> **WORK TO COMPLETE**
With the pictures left out, write out exactly the lines of the listing below that run from the line with "Acara ini dihadiri" through the line with "11-12学年高中数学月考、期中等考试试题分类汇编:双曲线".

> **AVAILABLE DATA**

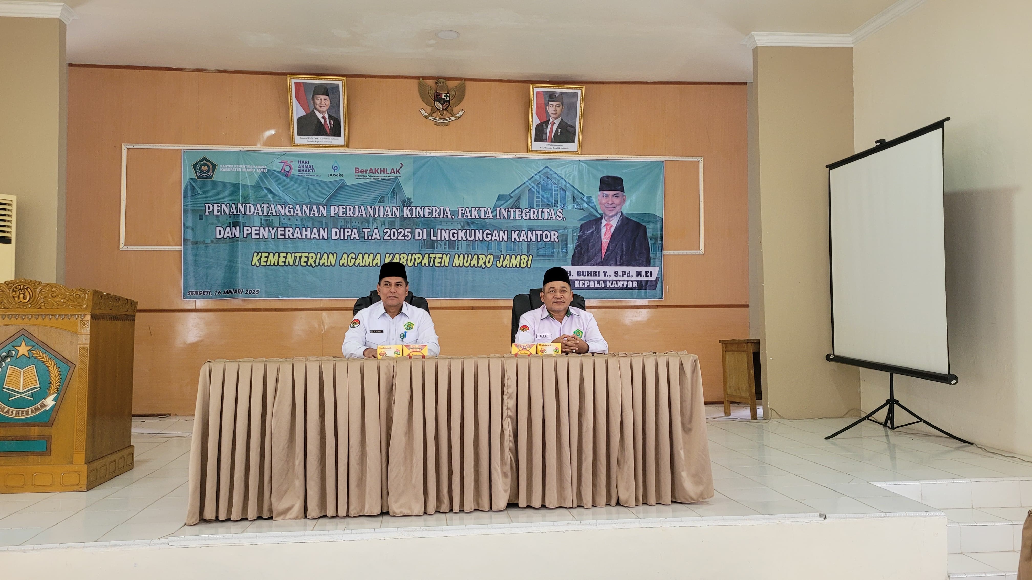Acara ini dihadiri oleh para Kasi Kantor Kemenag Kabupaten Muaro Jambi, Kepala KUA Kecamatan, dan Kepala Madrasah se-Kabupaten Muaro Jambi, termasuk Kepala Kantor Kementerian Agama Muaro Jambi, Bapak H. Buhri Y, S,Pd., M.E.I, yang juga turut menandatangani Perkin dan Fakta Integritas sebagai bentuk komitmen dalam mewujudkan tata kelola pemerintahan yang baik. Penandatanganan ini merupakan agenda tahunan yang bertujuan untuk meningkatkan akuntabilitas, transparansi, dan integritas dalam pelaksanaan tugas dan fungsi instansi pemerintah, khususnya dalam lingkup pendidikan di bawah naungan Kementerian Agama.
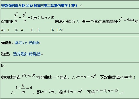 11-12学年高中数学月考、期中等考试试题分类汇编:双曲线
---
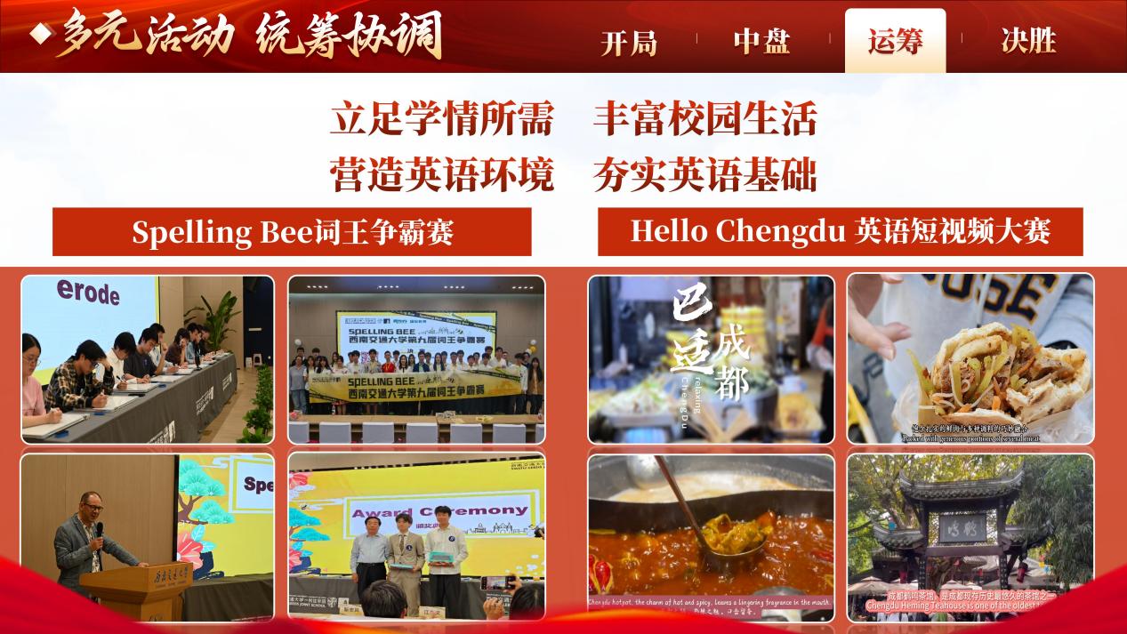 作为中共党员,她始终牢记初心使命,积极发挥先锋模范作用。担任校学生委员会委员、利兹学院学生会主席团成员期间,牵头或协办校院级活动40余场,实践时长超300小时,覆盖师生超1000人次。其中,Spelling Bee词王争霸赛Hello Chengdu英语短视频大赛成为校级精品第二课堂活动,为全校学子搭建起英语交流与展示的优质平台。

> **WRITTEN SOLUTION**
Acara ini dihadiri oleh para Kasi Kantor Kemenag Kabupaten Muaro Jambi, Kepala KUA Kecamatan, dan Kepala Madrasah se-Kabupaten Muaro Jambi, termasuk Kepala Kantor Kementerian Agama Muaro Jambi, Bapak H. Buhri Y, S,Pd., M.E.I, yang juga turut menandatangani Perkin dan Fakta Integritas sebagai bentuk komitmen dalam mewujudkan tata kelola pemerintahan yang baik. Penandatanganan ini merupakan agenda tahunan yang bertujuan untuk meningkatkan akuntabilitas, transparansi, dan integritas dalam pelaksanaan tugas dan fungsi instansi pemerintah, khususnya dalam lingkup pendidikan di bawah naungan Kementerian Agama.
 11-12学年高中数学月考、期中等考试试题分类汇编:双曲线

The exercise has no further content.